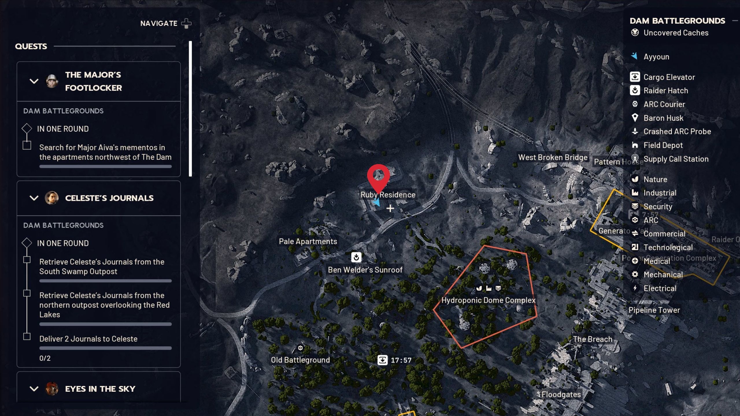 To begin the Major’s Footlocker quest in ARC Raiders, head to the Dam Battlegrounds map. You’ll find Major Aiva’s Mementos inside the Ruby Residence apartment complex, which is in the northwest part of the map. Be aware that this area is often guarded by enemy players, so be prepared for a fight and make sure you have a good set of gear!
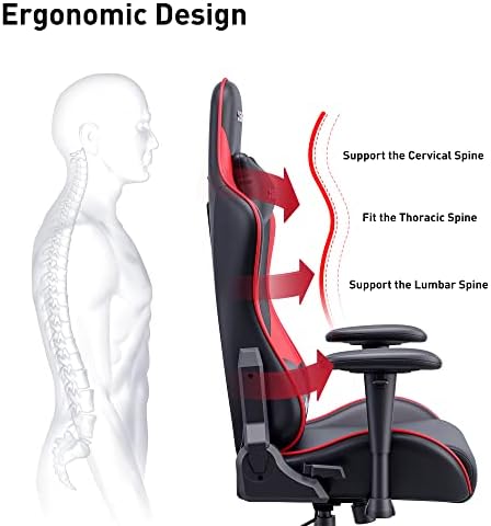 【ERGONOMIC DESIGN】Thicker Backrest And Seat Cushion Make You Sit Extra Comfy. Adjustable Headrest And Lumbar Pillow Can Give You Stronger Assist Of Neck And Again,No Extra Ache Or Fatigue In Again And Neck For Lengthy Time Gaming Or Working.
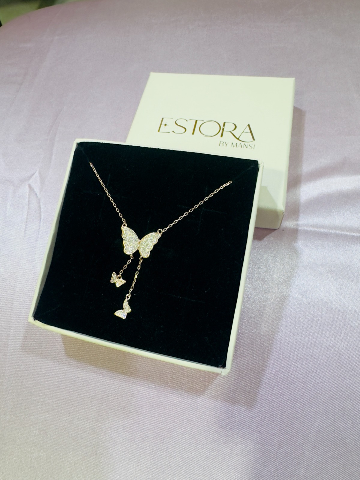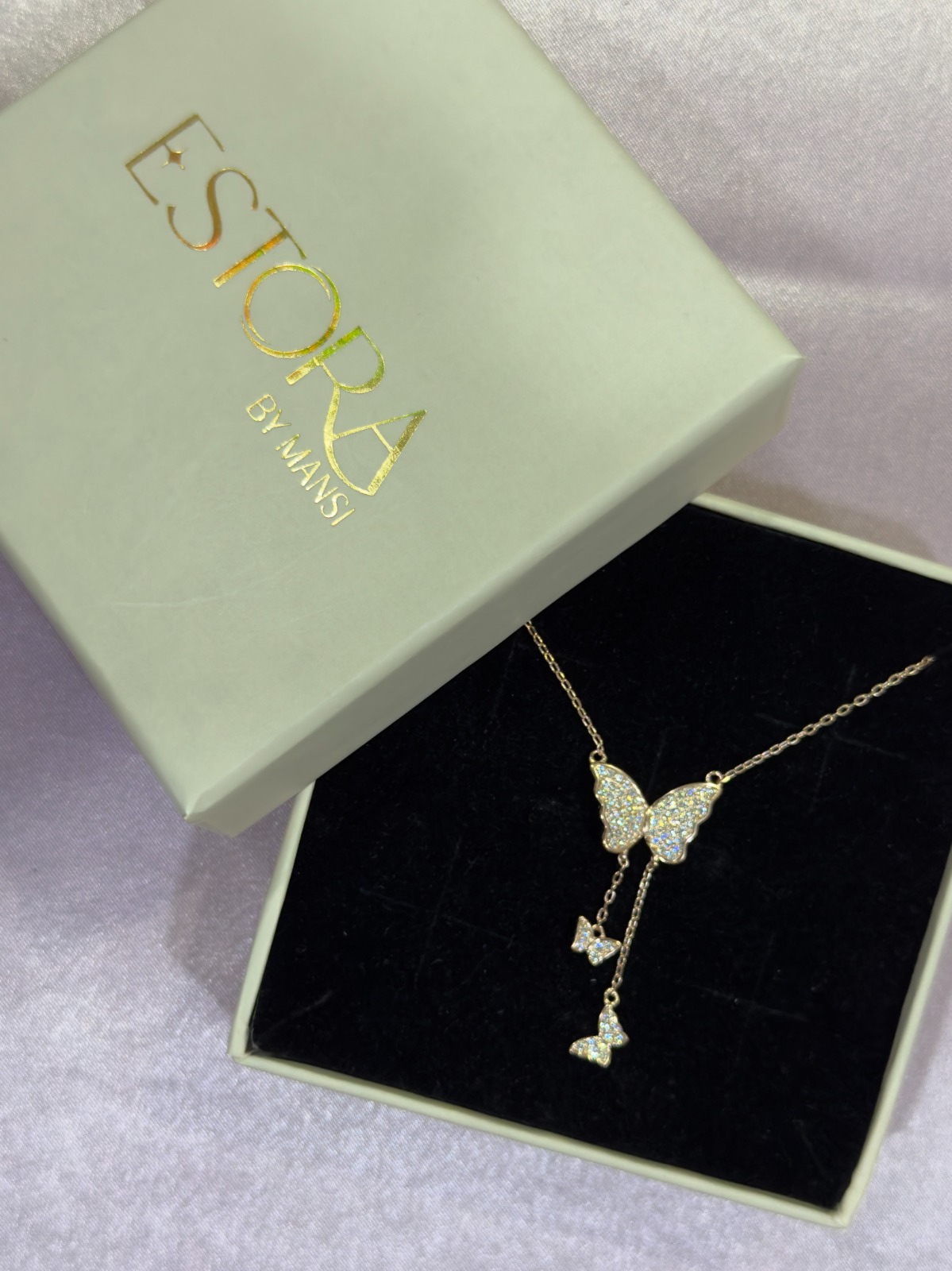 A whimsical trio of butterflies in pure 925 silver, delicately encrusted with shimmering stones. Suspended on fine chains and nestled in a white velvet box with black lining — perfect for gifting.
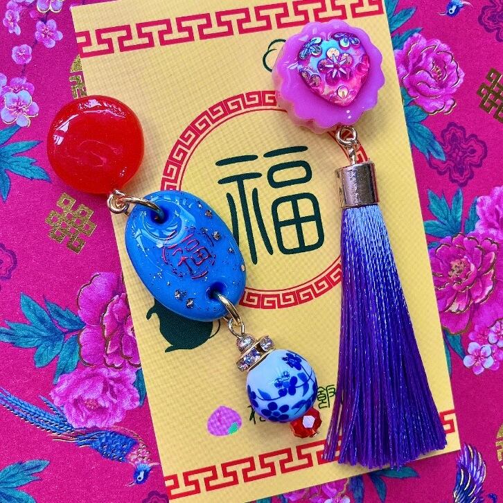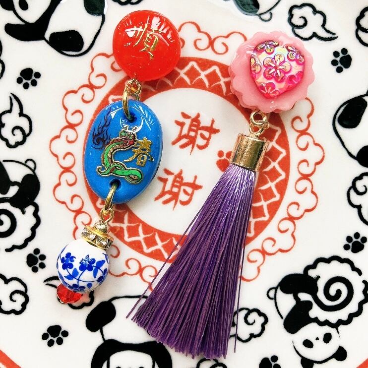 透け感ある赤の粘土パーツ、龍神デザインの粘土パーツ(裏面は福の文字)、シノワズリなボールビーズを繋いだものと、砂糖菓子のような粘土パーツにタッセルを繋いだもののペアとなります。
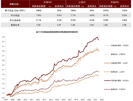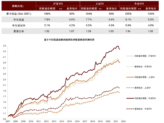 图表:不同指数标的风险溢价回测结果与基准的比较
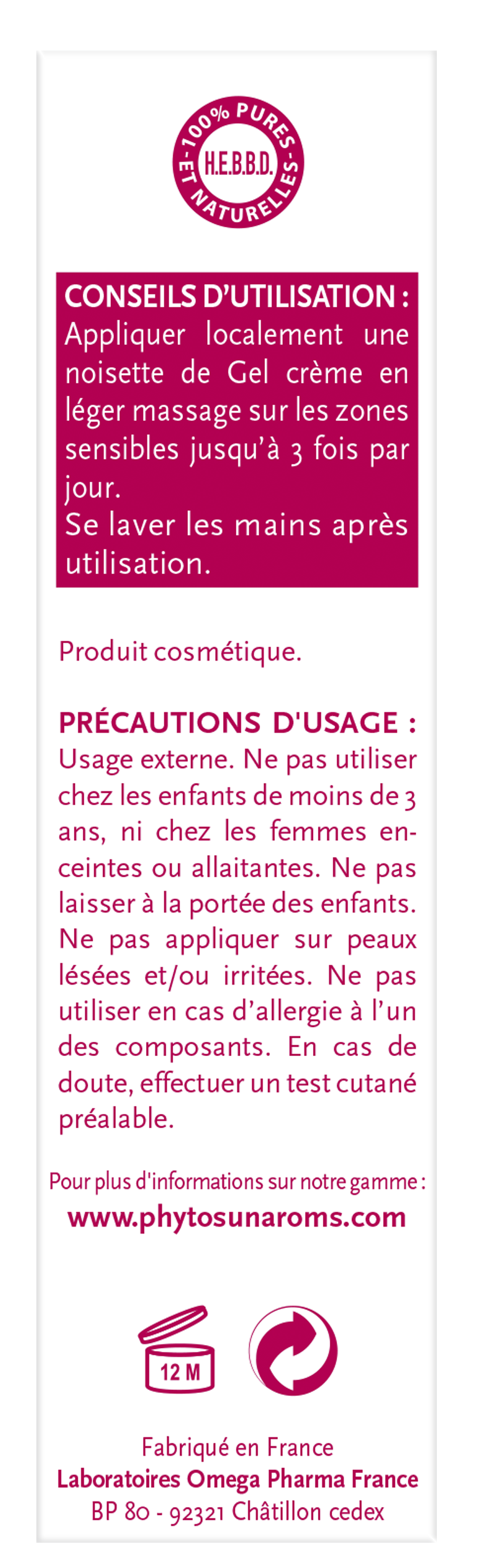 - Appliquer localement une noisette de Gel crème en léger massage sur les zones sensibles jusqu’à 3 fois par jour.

◆ ◆ ◆ ◆ ◆

Problem description:
Copy the final portion of the records: every line from the one containing "Gaming Or Working." through the last, word for word, without pictures.

Output for this task:
 【ERGONOMIC DESIGN】Thicker Backrest And Seat Cushion Make You Sit Extra Comfy. Adjustable Headrest And Lumbar Pillow Can Give You Stronger Assist Of Neck And Again,No Extra Ache Or Fatigue In Again And Neck For Lengthy Time Gaming Or Working.
 A whimsical trio of butterflies in pure 925 silver, delicately encrusted with shimmering stones. Suspended on fine chains and nestled in a white velvet box with black lining — perfect for gifting.
 透け感ある赤の粘土パーツ、龍神デザインの粘土パーツ(裏面は福の文字)、シノワズリなボールビーズを繋いだものと、砂糖菓子のような粘土パーツにタッセルを繋いだもののペアとなります。
 图表:不同指数标的风险溢价回测结果与基准的比较
 - Appliquer localement une noisette de Gel crème en léger massage sur les zones sensibles jusqu’à 3 fois par jour.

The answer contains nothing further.